Al het voorgaande betekent dat de vorderingen in de hoofdzaak zullen worden afgewezen.
De proceskosten
3.8.
[eiser] zal als de in het ongelijk gestelde partij in de proceskosten van de hoofdzaak en in het incident worden veroordeeld.
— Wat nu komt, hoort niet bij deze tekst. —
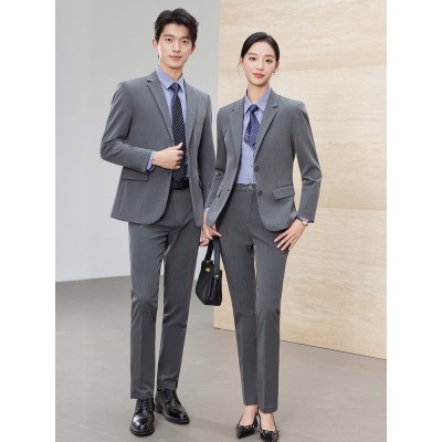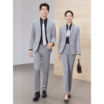 职业装高级感灰色商务酒店经理西装外套男女同款西服套装4s店工装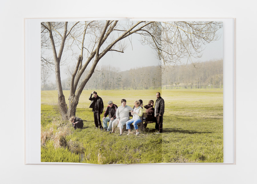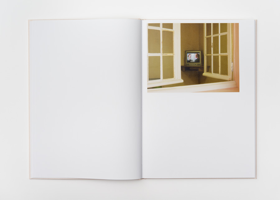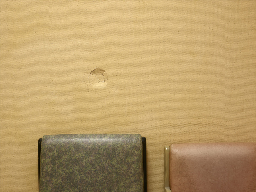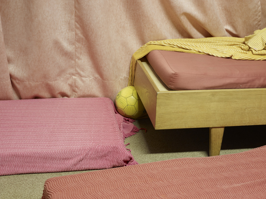 Konsequent ist auch, dass wir im gesamten Buch keinen einzigen Buchstaben finden, der von den Bildern ablenkt. Der einzige Text wurde auf eine Klappkarte ausgelagert und auch die wenigen Außenaufnahmen sind herausnehmbar. Dafür klebt auf dem Cover eine kleine Plastikhülle, in dem ein Foto steckt wie in den Kliniken normalerweise die Namen der Patienten am Bett. Es zeigt einen leuchtend gelben Fußball, eingeklemmt zwischen rosaüberzogenen Matratzen und Wänden. Lebensfreude sieht anders aus.

De kosten aan de zijde van [gedaagde] c.s. worden begroot op:
- -
vast recht EUR 4.667,00
- -
salaris procureur 5.000,00 (2,5 punten × tarief EUR 2.000,00)
Totaal EUR 9.667,00
4. De beslissing
De rechtbank
In het incident
4.1.
wijst de vordering af
In de hoofdzaak
4.2.
wijst de vorderingen af,
In het incident en in de hoofdzaak
4.3.
veroordeelt [eiser] in de proceskosten, aan de zijde van [gedaagde] c.s. tot op heden begroot op EUR 9.667,00,
4.4.
verklaart dit vonnis wat betreft de kostenveroordeling uitvoerbaar bij voorraad.
Dit vonnis is gewezen door mr. F.J. de Vries en in het openbaar uitgesproken op 11 april 2007.